Department of Computer Science, Sapienza University of Rome, Via Salaria 113, Rome 00198, Italy.
Department of Computer Science, Mathematics and Physics, University of Udine, Via delle Scienze 206, Udine 33100, Italy.
Int J Neural Syst. 2022 Oct;32(10):2250040. doi: 10.1142/S012906572250040X. Epub 2022 Jul 25.

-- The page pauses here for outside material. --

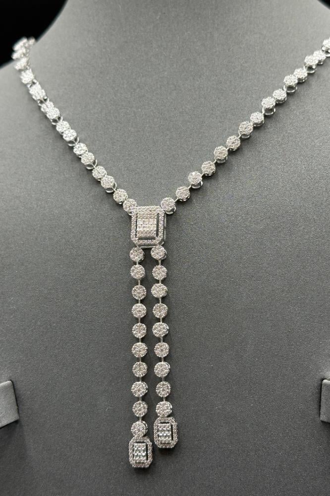 طقم ذهب ابيض تصميم الماس عيار 18 وزن 22.3 جرام

Human feelings expressed through verbal (e.g. voice) and non-verbal communication channels (e.g. face or body) can influence either human actions or interactions. In the literature, most of the attention was given to facial expressions for the analysis of emotions conveyed through non-verbal behaviors. Despite this, psychology highlights that the body is an important indicator of the human affective state in performing daily life activities. Therefore, this paper presents a novel method for affective action and interaction recognition from videos, exploiting multi-view representation learning and only full-body handcrafted characteristics selected following psychological and proxemic studies. Specifically, 2D skeletal data are extracted from RGB video sequences to derive diverse low-level skeleton features, i.e. multi-views, modeled through the bag-of-visual-words clustering approach generating a condition-related codebook. In this way, each affective action and interaction within a video can be represented as a frequency histogram of codewords. During the learning phase, for each affective class, training samples are used to compute its global histogram of codewords stored in a database and later used for the recognition task. In the recognition phase, the video frequency histogram representation is matched against the database of class histograms and classified as the closest affective class in terms of Euclidean distance. The effectiveness of the proposed system is evaluated on a specifically collected dataset containing 6 emotion for both actions and interactions, on which the proposed system obtains 93.64% and 90.83% accuracy, respectively. In addition, the devised strategy also achieves in line performances with other literature works based on deep learning when tested on a public collection containing 6 emotions plus a neutral state, demonstrating the effectiveness of the presented approach and confirming the findings in psychological and proxemic studies.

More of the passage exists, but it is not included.